Speaking at the recent FierceWireless Next Gen Wireless Networks Summit, Verizon’s Bill Stone said the carrier is making significant progress toward implementing vRAN technology on the carrier’s new 5G network.
The comments are noteworthy considering vRAN represents a significant change to the inner workings of a wireless network.
As Verizon executives have previously explained, vRAN is the process by which proprietary baseband unit hardware, which sits below the antenna and the radio in a wireless network, is replaced with a general-purpose computer. In network lingo, that means that dedicated baseband hardware built by a company like Ericsson to specifically run its antenna and radio is replaced with commercial off-the-shelf hardware running standard, inexpensive computing architectures like x86.
This process of virtualizing the baseband in the radio access network (RAN) is part of a broader trend in the wireless and wider telecom industry in which operators are increasingly looking to move away from expensive, dedicated hardware from traditional suppliers and toward general-purpose computing equipment running software. The result is cheaper equipment that can be changed or upgraded more quickly through software.
And in his comments last month, Stone said that Verizon has already deployed a “first step” of vRAN. He said Verizon has virtualized some of the basic functions of the “upper layer” of its network, sometimes referred to as Layer 3, inside Verizon’s own cloud architecture. He said those layers are not as sensitive to latency as other layers of the company’s network, thus allowing them to more easily be virtualized.

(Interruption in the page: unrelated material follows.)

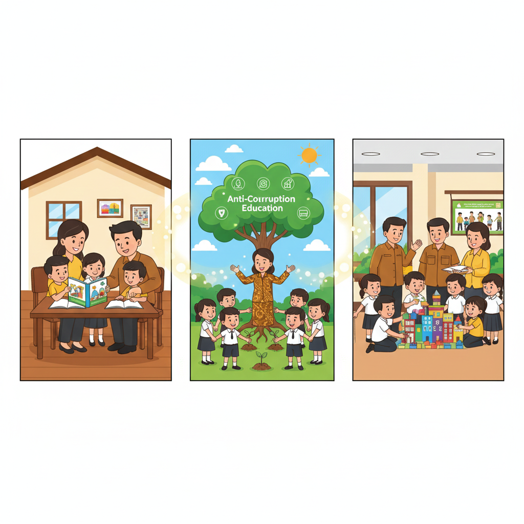 Sekolah berperan sebagai institusi formal yang memberikan pembelajaran terstruktur tentang nilai-nilai antikorupsi melalui kurikulum, pembiasaan, dan keteladanan guru. Keluarga berperan sebagai lingkungan pertama dan utama dalam pembentukan karakter anak, dimana orang tua menjadi role model utama dan memberikan penguatan nilai di rumah. Masyarakat berperan sebagai lingkungan sosial yang lebih luas dimana anak berinteraksi dan melihat praktik nilai-nilai dalam kehidupan nyata. Ketiga elemen ini harus memiliki visi dan praktik yang sejalan.
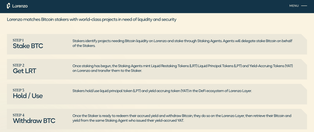 Lorenzo Protocol是一个基于Babylon构建的流动性再质押协议,旨在通过引入流动性质押和隐私增强功能来提升比特币的应用能力。该项目允许比特币持有者将BTC转换为stBTC,实现在不锁定资金的情况下参与比特币抵押并获得奖励。Lorenzo创新性地将流动性再质押代币(LRT)分为流动性本金代币(LPT)和收益累积代币(YAT),这种玩法类似于Pendle的PT和YT。这种分离机制为流动性重新质押提供了灵活的解决方案,增强了比特币重新质押的流动性和可访问性。项目的一个重要特点是不要求最低质押时间,也没有"解除绑定"时间。这意味着投资者可以避免被锁定在质押中的风险,并在市场波动时保持灵活性。Lorenzo提供由Babylon BTC共享安全性保障的EVM兼容Cosmos链,用于发行和结算BTC流动再抵押代币。这为跨链操作和更广泛的DeFi应用提供了基础。

“We're going to proceed down that path with 5G NR as we get in into the NR deployment phase now,” Stone said. “We're also going to … virtualize the upper layers for LTE as well.”
Stone said Verizon is also working with its vendors—including Ericsson, Samsung and Nokia—to virtualize the lower layers of its network in addition to the upper layers. “We're looking at it in two steps, where we virtualize the upper layers first, and then the lower layers second,” he said.
Stone said Verizon’s vRAN work leverages the company’s move toward network centralization that it started a few years ago. With a centralized network, or cRAN, the network’s baseband unit is put into a central location instead of at the base of a cell tower.
Verizon already has thousands of cRAN hubs throughout the United States.
Verizon hinted at its vRAN aspirations earlier this year when it announced it was developing a new virtualized Cloud RAN architecture with the help of Nokia and Intel.
Verizon switched on its new 5G network last month in select locations in four cities; the company is initially using the technology to offer in-home broadband services in a challenge to ISPs like Comcast and Charter. But Verizon has promised to launch mobile 5G services next year in a broader network rollout.